Infections after orthopedic surgery are a serious challenge, even in tertiary centers. Bacteria such as Streptococcus and Pseudomonas can form sections of necrotic bone where there is low penetrance by antibiotics, given the limited vasculature. In most cases, biofilms form and limit the efficacy of antibiotics.
The FDA has approved antibiotic-eluting bone cement spacers to treat these infections. However, none of the drugs used—vancomycin, gentamicin, tobramycin, or clindamycin—were originally developed for local delivery from bone cement. Furthermore, resistance has emerged against these antibiotics.
Researchers at Brigham and Women’s Hospital rationally designed a new antibiotic, VCD-077, to be physiochemically compatible with standard bone cement for local treatment of orthopedic infections with much less chance of resistance. Hae Lin Jang, PhD, principal investigator of the Jang Laboratory for Developing Advanced Biomaterials and Biotechnologies in the Center for Engineered Therapeutics at the Brigham, Shiladitya Sengupta, PhD, co-director of the Center, and colleagues describe proof-of-concept studies of the drug–device combination in Nature Biomedical Engineering.
Development and Initial Testing
The team started by designing a “library” of novel antibiotic molecules based on fluoroquinolones, which attain high concentrations in bone.
Because bacteria can become resistant to fluoroquinolones, the researchers experimented with including two other compounds in each molecule. They reasoned that bacteria are unlikely to develop resistance if it’s necessary to mutate two distinct targets.
Of 17 molecules screened in vitro, a nitrofuran-based fluoroquinolone called VCD-077 and a nitrothiazole-based fluoroquinolone called VCD-068 exhibited the greatest inhibition of:
- Quinolone-sensitive and -resistant Staphylococcus strains
- Methicillin-resistant S. aureus
- Fluoroquinolone-resistant S. aureus (QRSA)

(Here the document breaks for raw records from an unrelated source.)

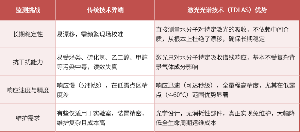 相比傳統(tǒng)的冷鏡法、電容法、氧化鋁法等,可調(diào)諧半導(dǎo)體激光吸收光譜技術(shù)實現(xiàn)了質(zhì)的飛躍:
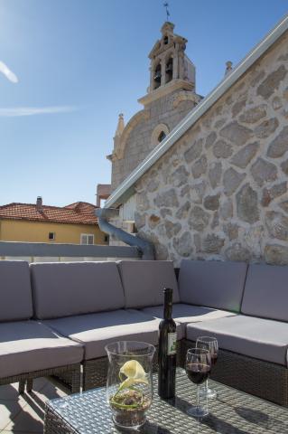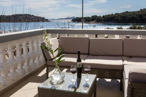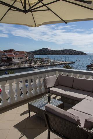 Prekrasna kamena kuća u kojoj se nalazi apartman, uređena je sa puno ljubavi i dekorirana sa velikom pažnjom na detalje, tako da se u njoj osjećate opušteno i ugodno tokom vašeg boravka. Kuća je smještena u samom srcu malog ribarskoga mjesta Tribunj, u prvom redu uz more. Samo nekoliko koraka udaljena je od prve plaže, restorana, kafića, trgovine i svega ostalog što će vaš odmor učiniti jednostavnijim i sadržajnijim. Apartman je površine 70 m² i predviđen je za smještaj do 6 osoba. U prizemlju se nalazi prostrani dnevni boravak koji je od kuhinje odvojen šank stolom, te kupatilo, a na katu se nalaze dvije spavaće sobe. Sve sobe nude zadivljujući pogled na more, kao i dvije velike terase koje ovaj apartman čine posebnim.
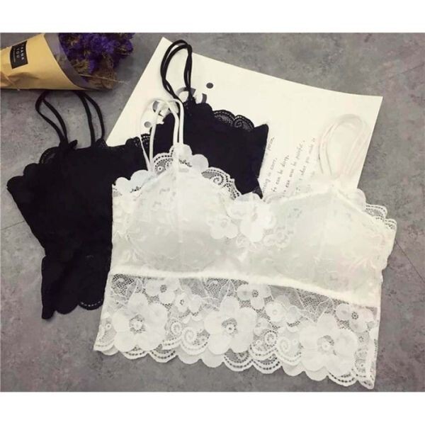 チューブトップ キャミ 総レース 花柄 パット付き ストレッチ レディース フリーサイズ ブラック
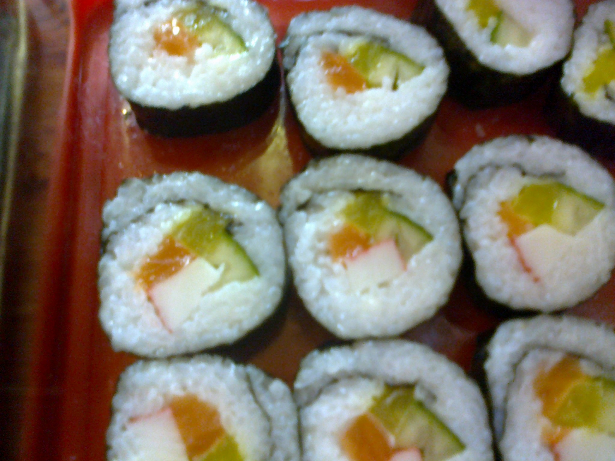 She had made them all herself, some with fish, some with crab, some with just cucumber and pickled yellow radish…. mmmm!

- Clinical isolates of QRSA that were methicillin-sensitive or -resistant
VCD-077 was the least toxic to human osteoblasts and had a wider therapeutic window, so it was selected for more research.
Further In Vitro Testing
In additional laboratory experiments, the research team found VCD-077:
- Interacted only minimally with cytochrome P450 enzymes and was associated with minimal changes in liver and kidney function
- Was more effective against biofilms than gentamicin or vancomycin
- Did not interact with polymethylmethacrylate (PMMA) bone cement
VCD-077–loaded PMMA exhibited desired drug-release kinetics, no loss of the mechanical characteristics of the bone cement, and no loss of efficacy of the drug.
In Vivo Testing
The new drug–device combination was superior to gentamicin-loaded bone cement at preventing colonization by Staphylococcus in a rat model of tibial injury. VCD-077–loaded PMMA also decreased the Staphylococcus infection load in a rat model of chronic osteomyelitis, comparing favorably with gentamicin- and rifampin-loaded bone cement.

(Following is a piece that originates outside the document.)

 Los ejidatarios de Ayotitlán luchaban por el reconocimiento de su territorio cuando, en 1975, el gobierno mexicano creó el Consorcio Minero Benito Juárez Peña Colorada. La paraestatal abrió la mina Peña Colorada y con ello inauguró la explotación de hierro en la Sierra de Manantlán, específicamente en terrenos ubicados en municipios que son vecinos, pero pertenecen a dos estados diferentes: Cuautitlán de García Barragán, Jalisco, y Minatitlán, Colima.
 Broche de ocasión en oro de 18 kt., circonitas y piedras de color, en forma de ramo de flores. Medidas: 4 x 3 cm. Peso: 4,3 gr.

Furthermore, VCD-077 in bone cement resulted in local concentrations of the drug that exceeded the minimum inhibitory concentrations, which is desirable to retard the development of resistant strains in addition to killing bacteria. Systemic concentrations were below detectable limits.
Toward Clinical Translation
PMMA is already FDA-approved and the gold standard for use in orthopedic procedures. That will speed regulatory approval of the innovative combination product if it proves clinically safe and effective.
Local application of VCD-077-loaded bone cement could emerge as a next-generation therapy that integrates bone-specialized local delivery with minimal systemic exposure, consistent with emerging guidelines for antibiotics stewardship.